The Son (Le Fils), released in 2002, is the third major fiction film from Belgian auteurs Jean-Pierre and Luc Dardenne. While it bears similarities to the Dardennes’ earlier vérité chronicles of working class life, this haunting, compact film sidesteps sociopolitical commentary in favor of a humanistic story that is independent of time and place.
Olivier (Olivier Gourmet) teaches carpentry at a juvenile reentry center in a poor, unnamed Belgian city. When a young man named Francis (Morgan Marinne) enters the system, Olivier becomes strangely obsessed and begins trailing him through the halls of the center and the back alleys of the city. Francis is quietly desperate for adult guidance, and asks Olivier to join the carpentry class. Olivier refuses, but continues to spy on Francis. For the film’s first half-hour, there is no explanation for Olivier’s behavior.

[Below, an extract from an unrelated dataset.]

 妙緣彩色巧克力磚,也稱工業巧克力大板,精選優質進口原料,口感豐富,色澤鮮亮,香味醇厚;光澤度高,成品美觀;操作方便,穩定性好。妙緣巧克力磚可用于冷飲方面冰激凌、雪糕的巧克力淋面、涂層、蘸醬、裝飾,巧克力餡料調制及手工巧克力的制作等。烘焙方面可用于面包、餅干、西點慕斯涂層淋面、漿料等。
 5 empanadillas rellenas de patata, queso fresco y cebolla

You wonder if you’re watching Death in Venice Belgium.
*Spoiler warning*
Then, in an almost offhand way, the Dardennes make the big reveal: five years earlier, Francis killed Olivier’s son during a botched robbery. Francis is unaware that Olivier is his victim’s father, but Olivier is all too aware of the connection.

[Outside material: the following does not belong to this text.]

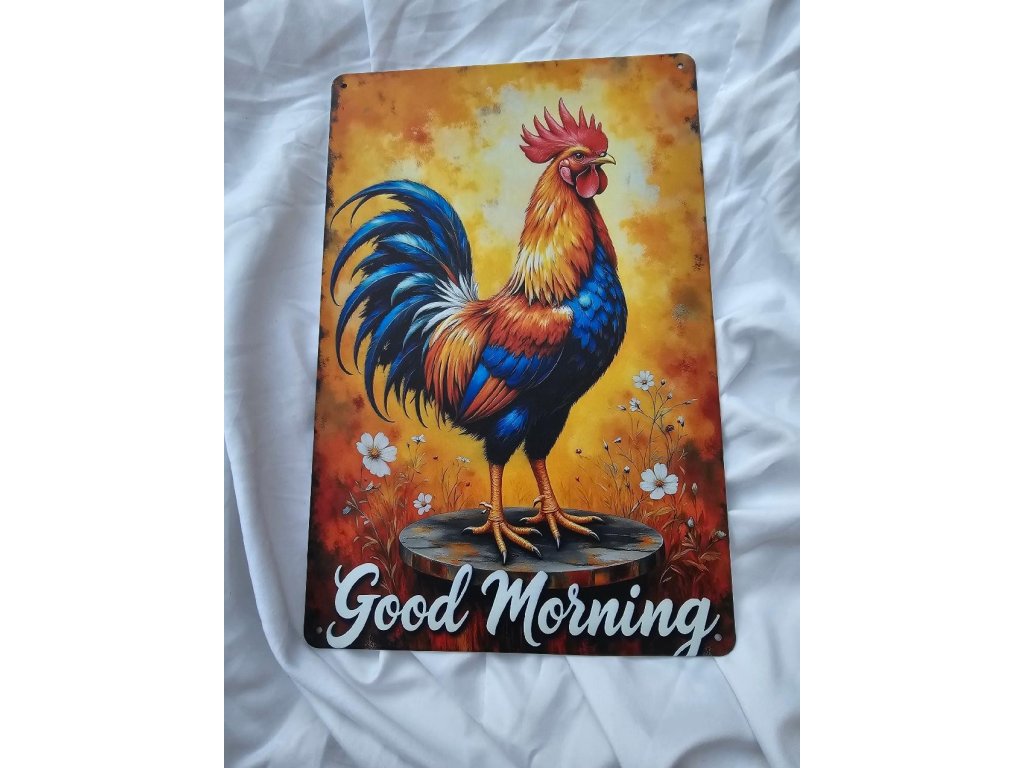 2D plechová cedule Dobré ráno s kohoutem 20 x 30 cm

Olivier, burdened by contradictory desires for forgiveness and revenge, allows Francis into his class. As he and Francis develop a relationship, Olivier’s moral dilemma becomes a source of almost unbearable suspense. The film’s last act, in which Olivier drives Francis to an isolated lumberyard, will literally stop your breath.
The Son is beautifully shot in an intense vérité style. For most of the film, the camera follows Olivier as if it were mounted to his right shoulder. The Dardennes eschew a soundtrack or musical score, using a cacophony of passing cars, banging hammers and whining buzz saws to emphasize Olivier’s raging moral conflict. As tension builds in several scenes, so does the ambient noise.
Darren Aronofsky clearly had the Dardenne brothers in mind when he made The Wrestler, though, in this writer’s opinion, he merely cribbed their visual and aural style to add some vérité credibility to a trite script. He doesn’t come close to emulating the unadorned psychological realism that is effortlessly displayed in The Son.
Like The Wrestler, many critics have called The Son a Christian allegory. While no one has explicitly spelled out the nature of this allegory, one possible interpretation would be that Olivier represents God, his dead son represents Jesus, and Francis, the son’s murderer, represents humanity at the mercy of a force that can destroy it or forgive it.